Why pay the utilities when letting the accounts go to collections would further support his ruse?

I pulled a pen from the cup on his desktop and used it to open, then riffle through, his drawers. My prints were probably everywhere in the house, but I couldn’t shake the feeling I shouldn’t be there, and I didn’t want to leave any evidence behind.

I pocketed the pen when I came up empty.

No smoking gun here.

But maybe he anticipated I’d come poking around. That was the only reason to change the locks, wasn’t it?

I moved into the hallway and gave the office one last look to be sure nothing, save the pen in my pocket, was out of place. Then I closed my eyes and waited for a bolt of brilliance to strike.

“Oh!” My eyes opened on a burst of excitement.

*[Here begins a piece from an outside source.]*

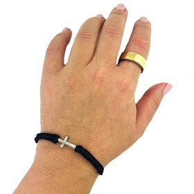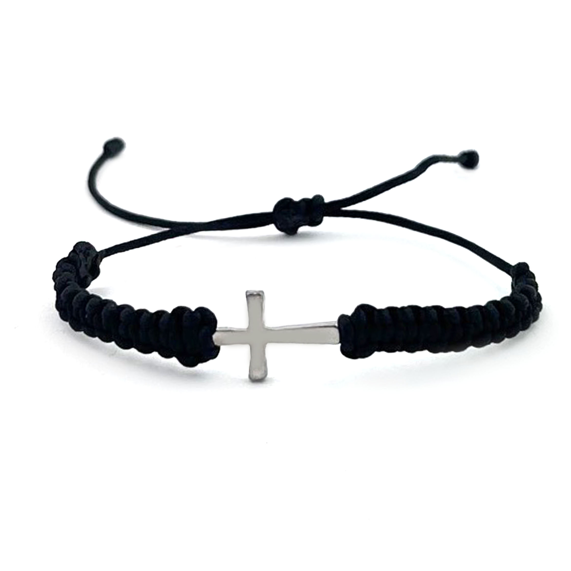 CS32 Cross Bracelet - Black - Prayer Bracelet -Handmade Made in Lebanon - Adjustable Fits All - Unisex

I climbed the steps at double speed and raced to the primary suite.

Robert had a hidey-hole in the floorboards where he kept his porn. Too smart to leave a digital footprint, he still subscribed to magazines like his father before him. He had them sent to a PO box. Then he brought them home, and he had no idea I knew all about it. I’d foundthe loose board years ago while cleaning and had been devastated by what was inside.

I stopped short when I crossed the threshold of my former bedroom. “Oh my god.” Robert had rearranged the furniture and hung a massive white screen on the wall where my bookshelves once stood. A projector hung from the ceiling above our bed. “You turned our bedroom into a theater?” And watched movies from bed? How lazy was he?

I guffawed my way across the room, only to perform a triple take as I passed my walk-in closet. A belligerent gasp ripped from my throat as I caught sight of the weight bench. “No fucking way.” I changed my trajectory and slapped my palm against the light switch, then glared as the complete home gym appeared before me. “Unbelievable.”

Robert had made our primary suite into a private man quarters. A bedroom with a theater, gym, bathroom, and porn.

I shut off the light and forced myself away. If I stewed instead of returning to my mission, I’d burn the whole place down.

Across the room, I knelt beside the window and peeled back the corner of our area rug. I tested the floor by knocking until I found the loose board and checked underneath.

I rolled my eyes at the young, airbrushed body on this month’s cover. I said a silent prayer for her health, and the well-being of every woman who bought into this idea of perfection. And I wished for karmic justice on the men who still objectified us.

I removed the magazines and placed them in careful stacks along the wall. For a moment, I feared I’d wasted my time. Then the small white corner of a document came into view. And just like that, hidden beneath Robert’s copies ofHustler, I hit the jackpot.

Elation soared as I sifted through the paperwork, growing infinitely happier by the second. “Holy shit!”